**Work order:** Within the listing that follows, reproduce exactly the lines starting at the line with "10mm square profile" and ending at the line with "Das Holz-Gartenhaus verfügt", inclusive, and only those. Pictures are dropped.

======== Supplied material

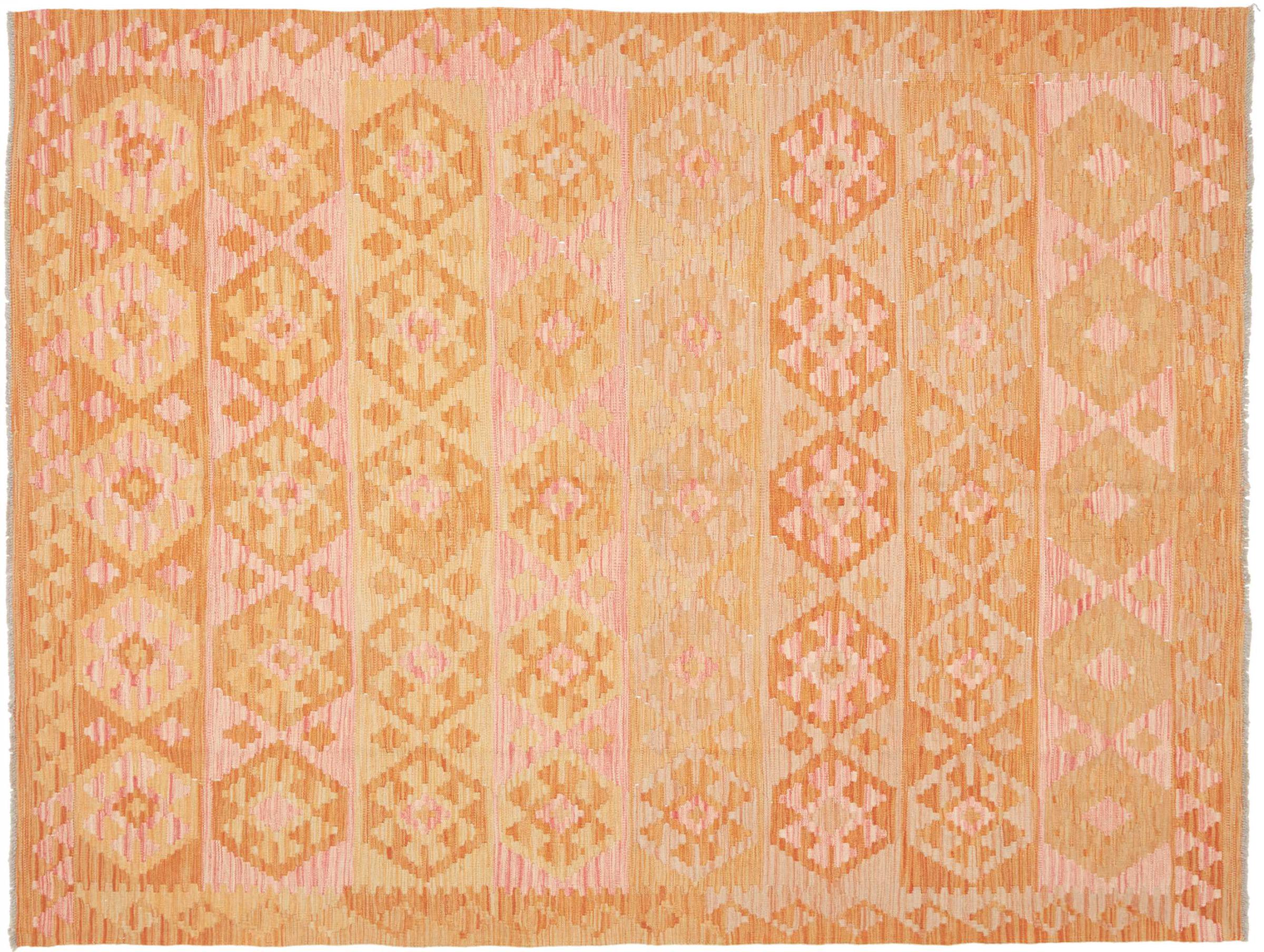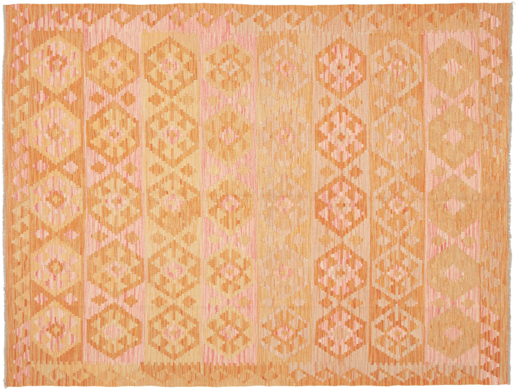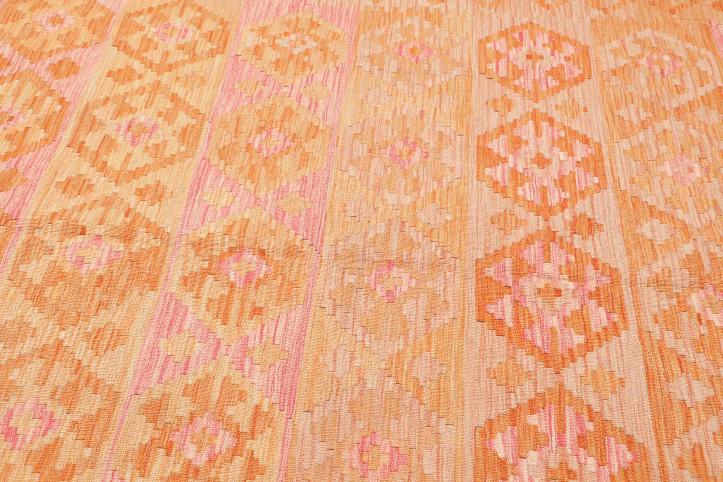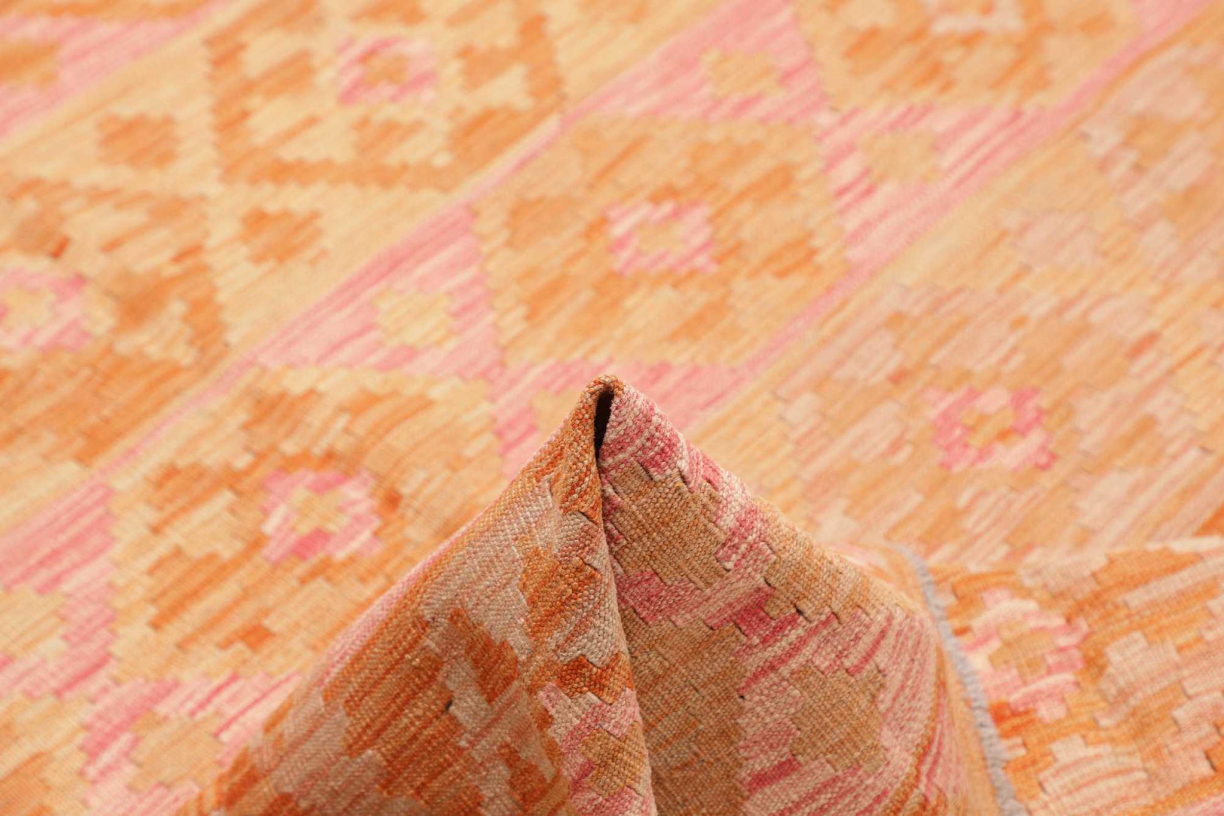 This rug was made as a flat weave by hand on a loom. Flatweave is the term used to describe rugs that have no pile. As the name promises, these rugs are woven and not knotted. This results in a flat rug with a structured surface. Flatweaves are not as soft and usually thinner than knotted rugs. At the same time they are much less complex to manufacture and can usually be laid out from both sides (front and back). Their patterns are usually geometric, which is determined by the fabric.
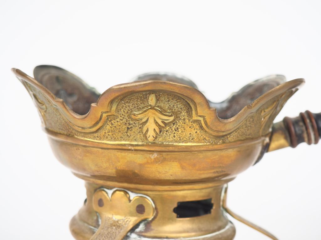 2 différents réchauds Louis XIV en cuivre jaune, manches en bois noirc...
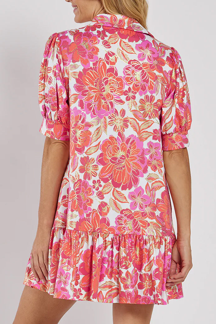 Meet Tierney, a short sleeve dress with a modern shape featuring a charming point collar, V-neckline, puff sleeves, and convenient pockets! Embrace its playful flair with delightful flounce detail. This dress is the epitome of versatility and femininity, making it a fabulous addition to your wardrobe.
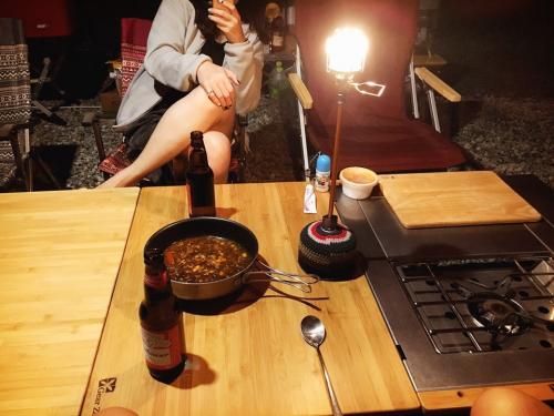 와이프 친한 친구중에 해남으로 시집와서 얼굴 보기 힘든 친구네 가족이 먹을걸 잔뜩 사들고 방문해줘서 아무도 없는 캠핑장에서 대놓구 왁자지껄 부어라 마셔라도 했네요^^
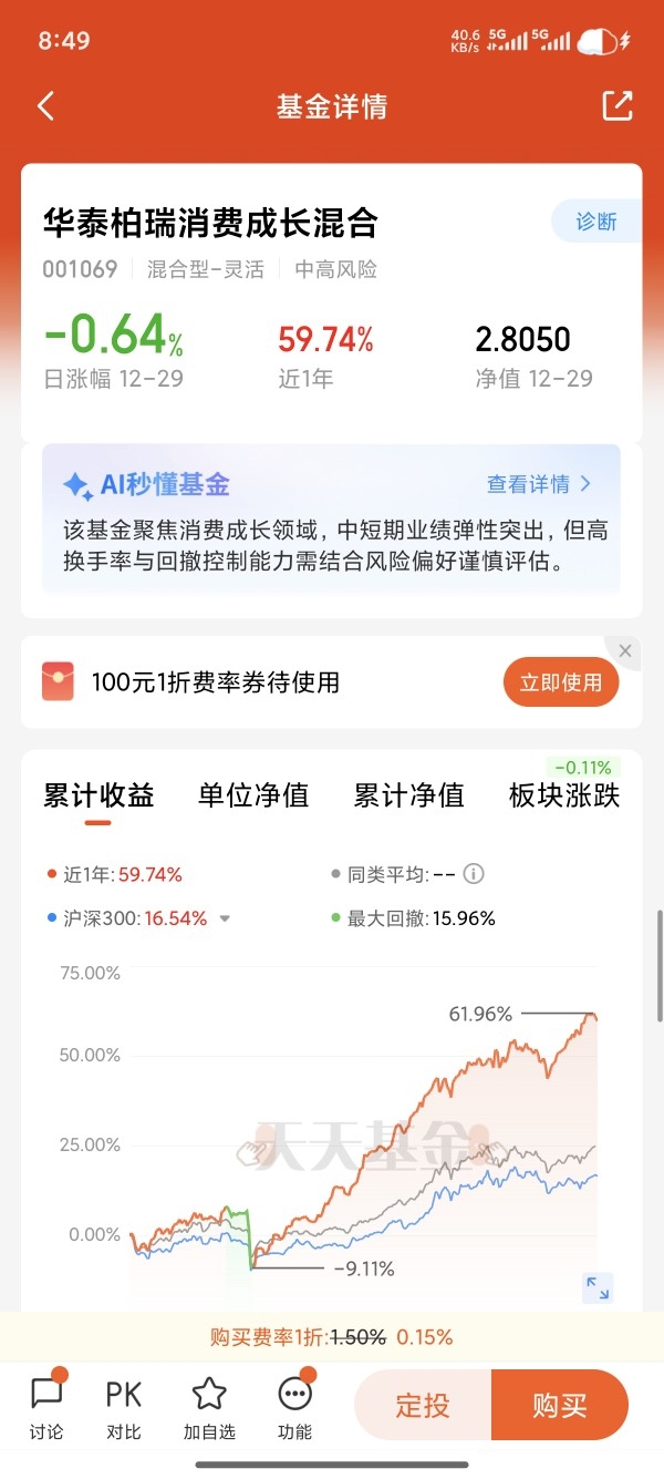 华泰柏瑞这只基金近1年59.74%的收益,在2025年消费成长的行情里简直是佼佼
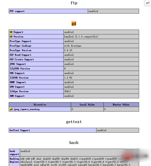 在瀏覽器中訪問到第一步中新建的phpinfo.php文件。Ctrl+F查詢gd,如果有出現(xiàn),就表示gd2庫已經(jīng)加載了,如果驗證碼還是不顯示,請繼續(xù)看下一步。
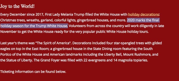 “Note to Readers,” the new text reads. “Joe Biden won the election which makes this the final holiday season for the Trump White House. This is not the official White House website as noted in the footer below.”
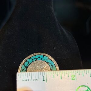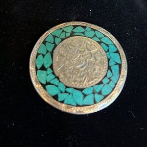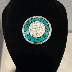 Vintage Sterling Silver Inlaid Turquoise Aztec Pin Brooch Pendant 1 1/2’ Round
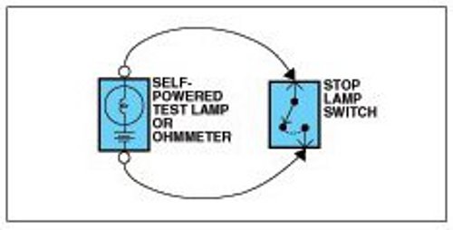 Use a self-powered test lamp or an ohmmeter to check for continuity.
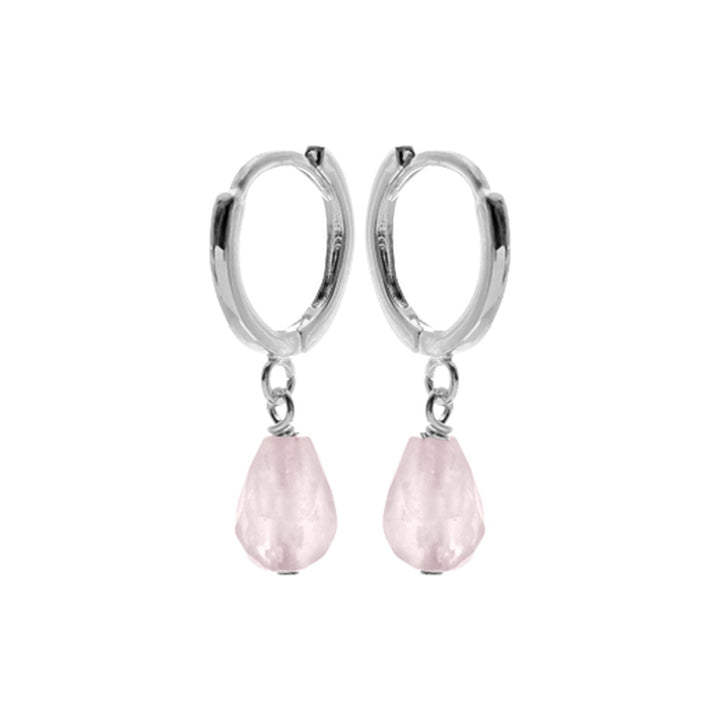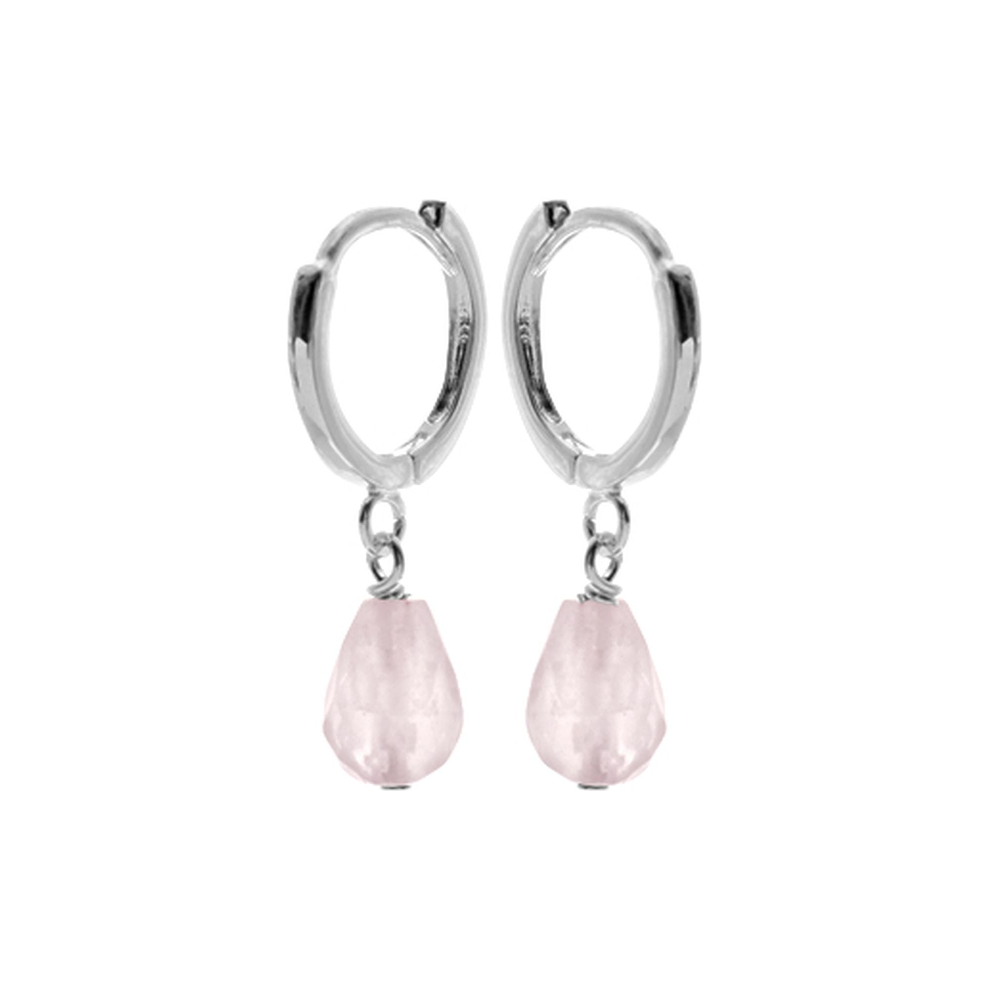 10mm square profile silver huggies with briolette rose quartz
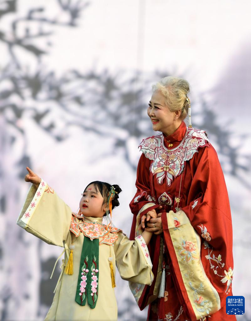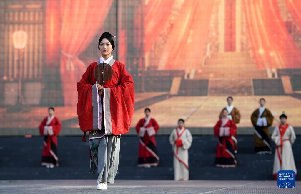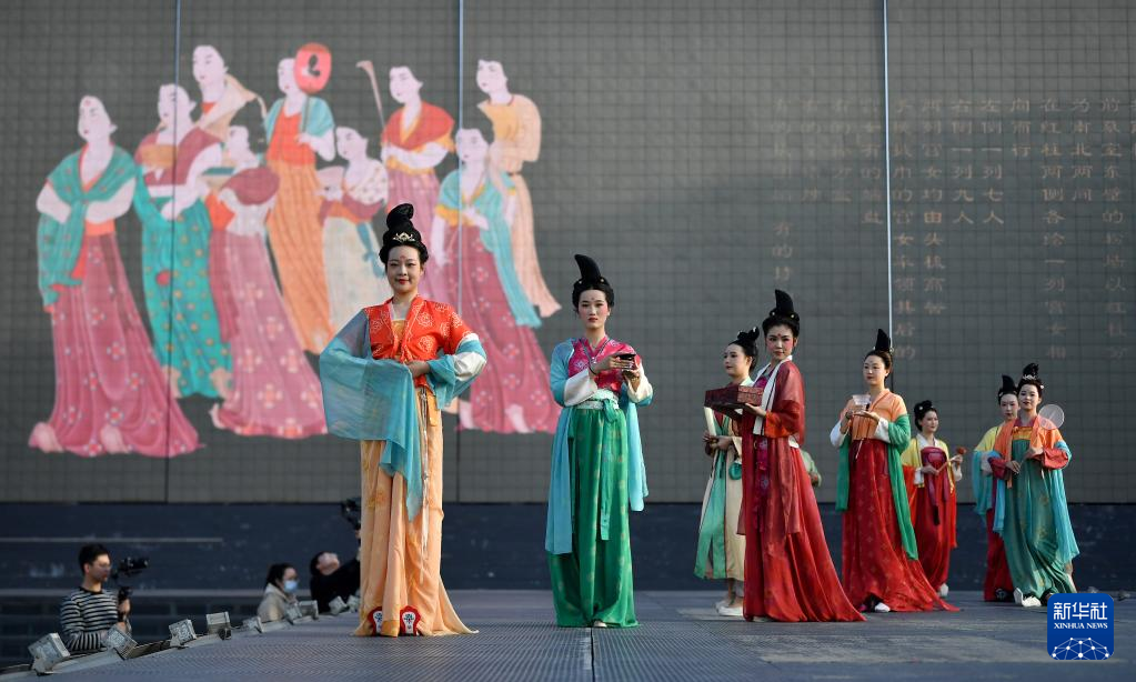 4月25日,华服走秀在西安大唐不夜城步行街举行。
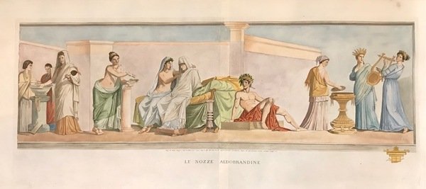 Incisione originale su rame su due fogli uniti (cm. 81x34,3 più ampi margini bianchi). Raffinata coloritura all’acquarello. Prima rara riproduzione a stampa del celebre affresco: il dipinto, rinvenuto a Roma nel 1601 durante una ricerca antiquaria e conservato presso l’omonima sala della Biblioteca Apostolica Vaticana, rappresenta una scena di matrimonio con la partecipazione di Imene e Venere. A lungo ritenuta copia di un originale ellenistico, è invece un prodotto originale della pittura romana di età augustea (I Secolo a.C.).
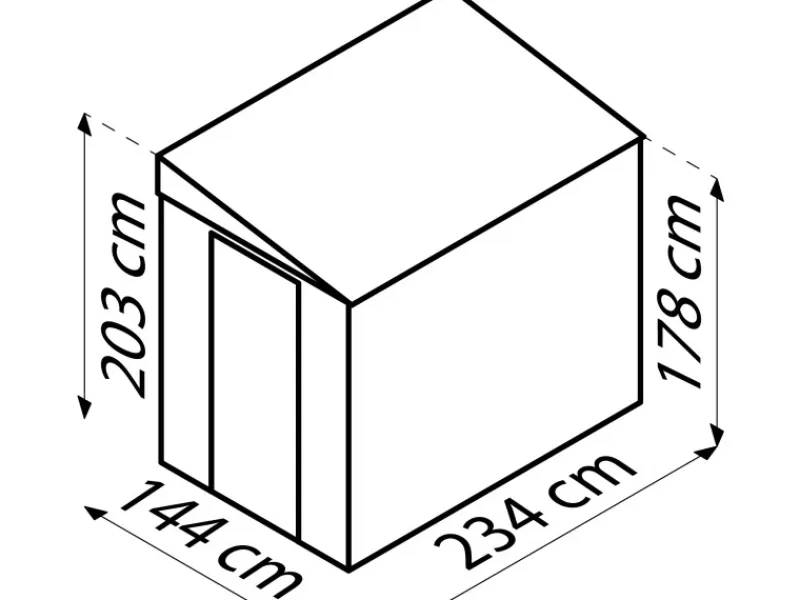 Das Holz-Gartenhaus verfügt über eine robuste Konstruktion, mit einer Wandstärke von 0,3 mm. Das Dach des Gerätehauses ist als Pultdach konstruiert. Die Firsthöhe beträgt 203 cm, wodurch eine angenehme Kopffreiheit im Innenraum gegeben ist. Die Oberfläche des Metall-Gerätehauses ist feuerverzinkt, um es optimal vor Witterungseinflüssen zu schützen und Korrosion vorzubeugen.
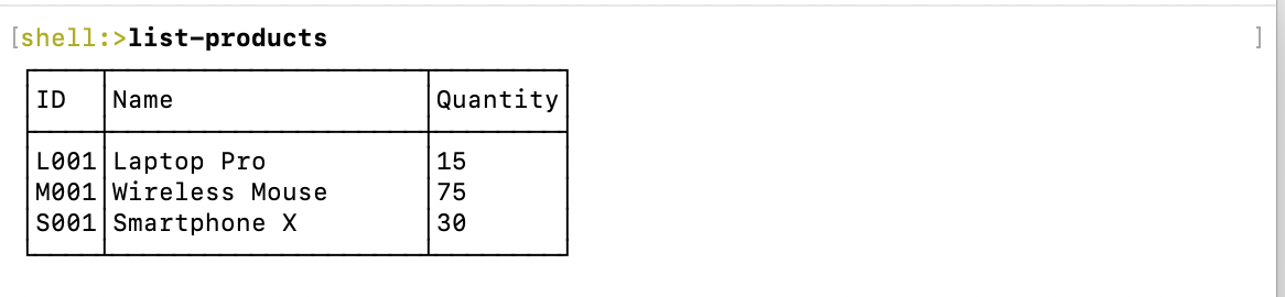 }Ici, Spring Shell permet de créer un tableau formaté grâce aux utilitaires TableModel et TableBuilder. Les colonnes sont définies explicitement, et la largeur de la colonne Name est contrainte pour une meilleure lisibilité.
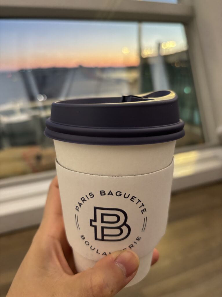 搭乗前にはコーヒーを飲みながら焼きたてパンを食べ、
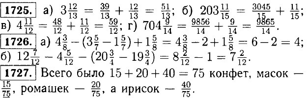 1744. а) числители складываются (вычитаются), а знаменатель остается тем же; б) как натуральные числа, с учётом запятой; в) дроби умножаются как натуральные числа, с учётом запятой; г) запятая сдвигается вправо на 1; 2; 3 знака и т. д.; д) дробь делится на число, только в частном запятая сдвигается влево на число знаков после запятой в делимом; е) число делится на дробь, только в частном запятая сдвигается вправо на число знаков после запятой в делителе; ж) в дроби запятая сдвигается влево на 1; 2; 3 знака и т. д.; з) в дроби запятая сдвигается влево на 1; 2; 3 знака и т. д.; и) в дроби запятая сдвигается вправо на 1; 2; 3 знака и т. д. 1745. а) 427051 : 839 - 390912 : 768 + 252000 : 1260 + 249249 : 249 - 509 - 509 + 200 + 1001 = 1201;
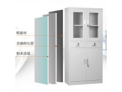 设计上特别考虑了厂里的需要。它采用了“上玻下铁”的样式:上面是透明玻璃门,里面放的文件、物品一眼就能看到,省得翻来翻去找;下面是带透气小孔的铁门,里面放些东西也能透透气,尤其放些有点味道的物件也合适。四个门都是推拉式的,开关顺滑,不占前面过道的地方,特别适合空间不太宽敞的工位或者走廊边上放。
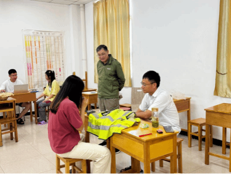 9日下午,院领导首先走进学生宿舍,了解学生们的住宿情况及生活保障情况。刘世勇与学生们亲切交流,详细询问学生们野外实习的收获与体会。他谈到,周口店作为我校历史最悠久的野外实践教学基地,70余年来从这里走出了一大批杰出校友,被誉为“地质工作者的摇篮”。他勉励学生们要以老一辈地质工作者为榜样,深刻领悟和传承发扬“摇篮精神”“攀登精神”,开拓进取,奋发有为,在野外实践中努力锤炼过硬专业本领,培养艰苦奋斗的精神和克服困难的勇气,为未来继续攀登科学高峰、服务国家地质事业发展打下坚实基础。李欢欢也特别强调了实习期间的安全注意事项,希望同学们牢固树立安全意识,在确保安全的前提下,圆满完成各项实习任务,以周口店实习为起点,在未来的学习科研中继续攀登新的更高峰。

================

**Solution to this problem:**
 10mm square profile silver huggies with briolette rose quartz
 4月25日,华服走秀在西安大唐不夜城步行街举行。
 Incisione originale su rame su due fogli uniti (cm. 81x34,3 più ampi margini bianchi). Raffinata coloritura all’acquarello. Prima rara riproduzione a stampa del celebre affresco: il dipinto, rinvenuto a Roma nel 1601 durante una ricerca antiquaria e conservato presso l’omonima sala della Biblioteca Apostolica Vaticana, rappresenta una scena di matrimonio con la partecipazione di Imene e Venere. A lungo ritenuta copia di un originale ellenistico, è invece un prodotto originale della pittura romana di età augustea (I Secolo a.C.).
 Das Holz-Gartenhaus verfügt über eine robuste Konstruktion, mit einer Wandstärke von 0,3 mm. Das Dach des Gerätehauses ist als Pultdach konstruiert. Die Firsthöhe beträgt 203 cm, wodurch eine angenehme Kopffreiheit im Innenraum gegeben ist. Die Oberfläche des Metall-Gerätehauses ist feuerverzinkt, um es optimal vor Witterungseinflüssen zu schützen und Korrosion vorzubeugen.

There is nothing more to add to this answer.